In 1948 he was appointed Director of Postgraduate Studies at the new Institute of Orthopaedics at the University of London and Clinical Director of the Royal National Orthopaedic Hospital. in 1965 he was made the first Professor of Orthopaedics in the University of London. Here he directed research into basic science relevant to orthopaedic disease and he became a member of the Medical Research Council for four years. With his deputy director J.I.P.James he developed innovative postgraduate teaching programmes in orthopaedics which came to be highly regarded nationally and internationally. Because of his previous experience of polio in developing countries he served on the Advisory Medical Council of the Colonial Office.

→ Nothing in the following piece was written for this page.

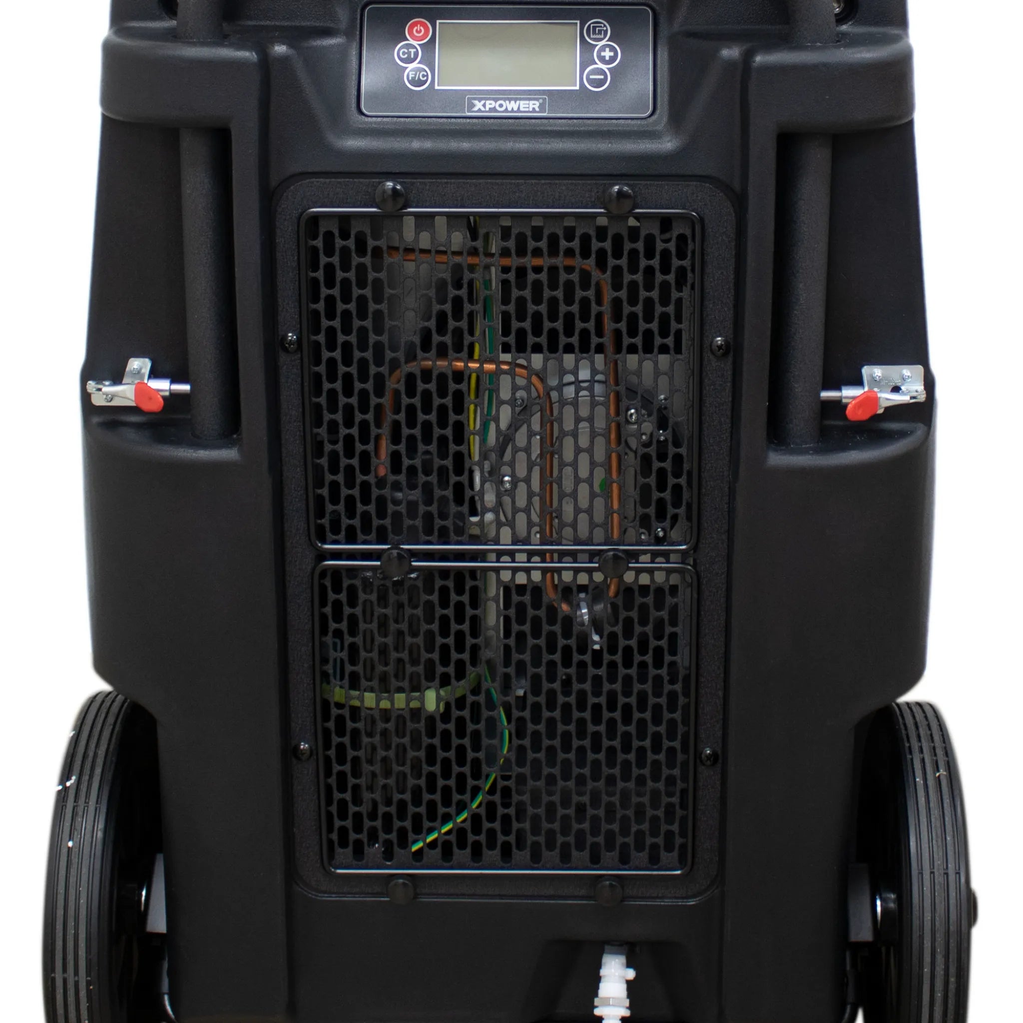 The XPOWER XD-165L Low Grain Refrigerant (LGR) Dehumidifier delivers unmatched performance for professional water damage restoration. Engineered for high-volume moisture removal, this rugged and powerful unit extracts up to 165 pints per day at AHAM conditions and up to 280 pints per day at full saturation. Featuring a low 10.2 amp draw and operating temperatures from 33°F to 105°F, it’s built to perform in extreme conditions while maintaining optimal efficiency. With auto-purge technology, dual ducting exhaust, digital monitoring, and ultra-mobile design, this is the go-to solution for restoration professionals who demand reliability and results.

In 1960 he examined Winston Churchill at the request of Lord Moran, Churchill's physician. Churchill had fallen, sustaining a crush fracture of the 5th thoracic vertebra and Seddon supervised the management of this, receiving letters of thanks and appreciation from Churchill. His opinion was sought again two years later when Churchill sustained a fracture of the neck of his left femur. Seddon's senior register Philip Yeoman joined the surgical team led by Philip Newman who successfully fixed the fracture with a nail and plate technique.

== Retirement ==
He remained busy following retirement in 1967. From 1967 until 1974 he worked for a month at a time as orthopaedic surgeon to the Lebanese army visiting Lebanon on 15 occasions. The major textbook The surgical disorders of the peripheral nerves, which he had agreed to write in 1941, was finally published in 1971. It became a standard work on the subject and a second edition was published in 1975. Further editions were published in 1998, 2011 and 2016 under the editorship of Rolfe Birch. Retaining his association with the Medical Research Council he helped to plan its research programme into tuberculosis of the vertebral column which was carried out at hospitals in Bulawayo, Hong Kong, Korea and South Africa. This resulted in a meticulously planned collaborative study which compared the surgical and medical treatment of tuberculosis of the spine.

== Honours and awards ==
Seddon was appointed a Companion of the Order of St Michael and St George (CMG) in 1951. He received the Robert Jones Medal, and his Robert Jones lecture in 1960 was devoted to nerve grafting. For his work in Lebanon he was appointed an Officer of the Order of the Cedar of Lebanon. He was elected President of the British Orthopaedic Association and was made Knight Bachelor in 1964. Seddon was awarded honorary degrees by the Royal University of Malta and by the universities of Grenoble and Glasgow. He was granted Honorary Fellowship of Worcester College, Oxford, in 1966.

== Personal life ==
During his time in Michigan he married Mary Lytle, an art graduate. In the early days of their friendship she did not wish to call him Herbert, a name he disliked, so asked him what his middle initial 'J' stood for. When he would not tell her she guessed 'James' and he was known as 'Jim' to friends and family throughout life. They had a son James and a daughter Sally. Seddon's religious faith was important to him. He was raised in the Plymouth Brethren faith and later became an Anglican, serving as a lay reader in St John's Church, Stanmore. In 1951 he published an account of the Christian heritage in medicine.

==Death and legacy==
Seddon died on 21 December 1977 in Edgware General Hospital.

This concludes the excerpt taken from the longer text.